About the lab
We are the lab of Michael DeWeese at UC Berkeley. Our interests fall into three rough categories:
Nonequilibrium statistical mechanics. Understanding and designing biomolecules and molecular-scale machines will ultimately require deep understanding of statistical mechanics far from equilibrium, and recent years have brought major breakthroughs in that direction.
To that end, we're working on work-energy theorems for active matter and optimal control protocols for fluctuating systems, often bringing in techniques from control theory and Riemannian geometry. Lab members in the statistical physics sector include Adam Frim and Adrianne Zhong.

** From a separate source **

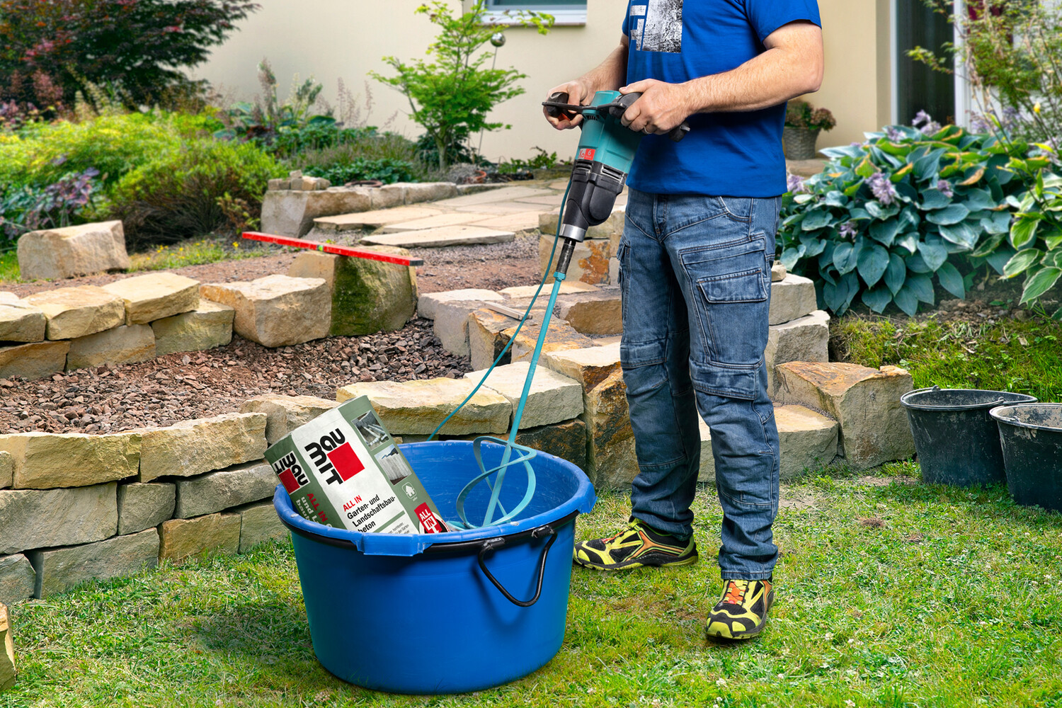 Si tu veux poser des bordures, le Support doit être porteur et bien compacté. Une fois que tu as creusé la tranchée à l'endroit où tu souhaites poser les bordures, pose d'abord une couche d'environ 10 à 15 cm d'Épaisseur de mélange minéral résistant au gel. Certains parlent aussi de la couche antigel. Tu peux trouver de tels mélanges minéraux de granulométrie 0/32 ou 0/45 généralement en big bag ou en vrac dans les magasins de bricolage bien achalandés ou dans les gravières.

Machine learning theory. Deep neural networks have enabled technological wonders from machine translation to image generation, but, remarkably, nobody has a principled understanding of how they work and what they can do. To fill this gap, we're working on developing first-principles theoretical understanding of neural nets and related machine learning methods, often finding use for tools and concepts from statistical physics. We're also interested in sampling algorithms. Lab members in the ML contingent include Jamie Simon and Dhruva Karkada.
Systems neuroscience. Despite the wealth of neural data acquired in recent years, our real understanding of how the brain works remains rudimentary. To make progress towards this understanding, we develop biologically-plausible algorithms to model sensory processing and other forms of computation. Our theories typically rely on coding principles, such as maximizing sparseness or information flow, similar to familiar concepts from physics like minimizing free energy or maximizing entropy. Our models are designed to clarify the computational roles of different neural populations and to provide specific, falsifiable experimental predictions about the structure and activity patterns in biological neural networks. Lab members in the neuroscience regiment include Andrew Ligeralde and Eduardo Sandoval.

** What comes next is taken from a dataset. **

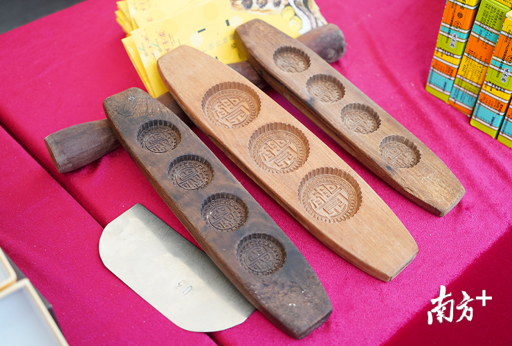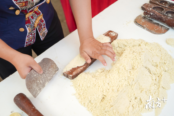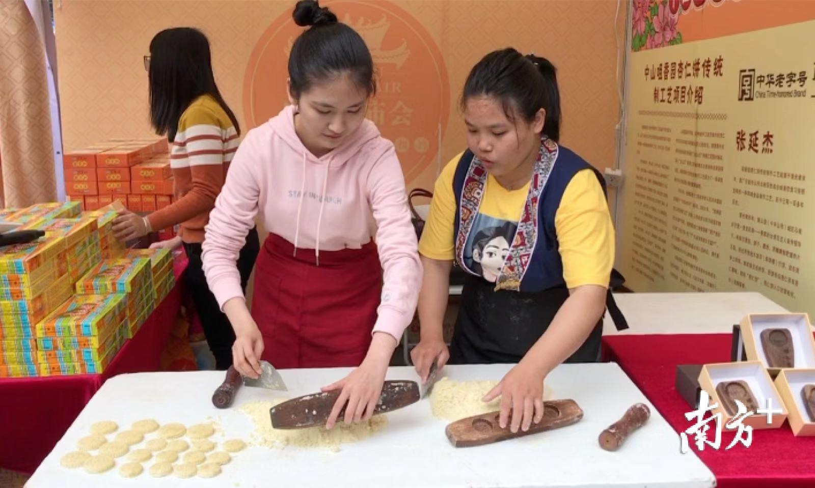 在广府庙会上,来自香港、澳门及深圳、珠海、佛山、中山、东莞、惠州、江门、肇庆的非遗项目与广州非遗同台亮相,中山咀香园杏仁饼传统制作技艺也作为大湾区的非遗项目代表,受到了市民和游客的欢迎。在现场,市民和游客不仅能品尝到香脆可口的杏仁饼,还能亲自上阵,在非遗传承人或是做饼师傅的指导下,亲自动手体验杏仁饼做法,感受流传百年的传统手工艺。

Reverse engineering the neural tangent kernel
A first-principles method for the design of fully-connected architectures
Much of our understanding of artificial neural networks stems from the fact that, in the infinite-width limit, they turn out to be equivalent to a class of simple models called kernel regression. Given a wide network architecture, it's well-known how to find the equivalent kernel method, allowing us to study popular models in the infinite-width limit. We invert this mapping for fully-connected nets (FCNs), allowing one to start from a desired rotation-invariant kernel and design a network (i.e. choose an activation function) to achieve it. Remarkably, achieving any such kernel requires only one hidden layer, raising questions about conventional wisdom on the benefits of depth. This allows surprising experiments, like designing a 1HL FCN that trains and generalizes like a deep ReLU FCN. This ability to design nets with desired kernels is a step towards deriving good net architectures from first principles, a longtime dream of the field of machine learning.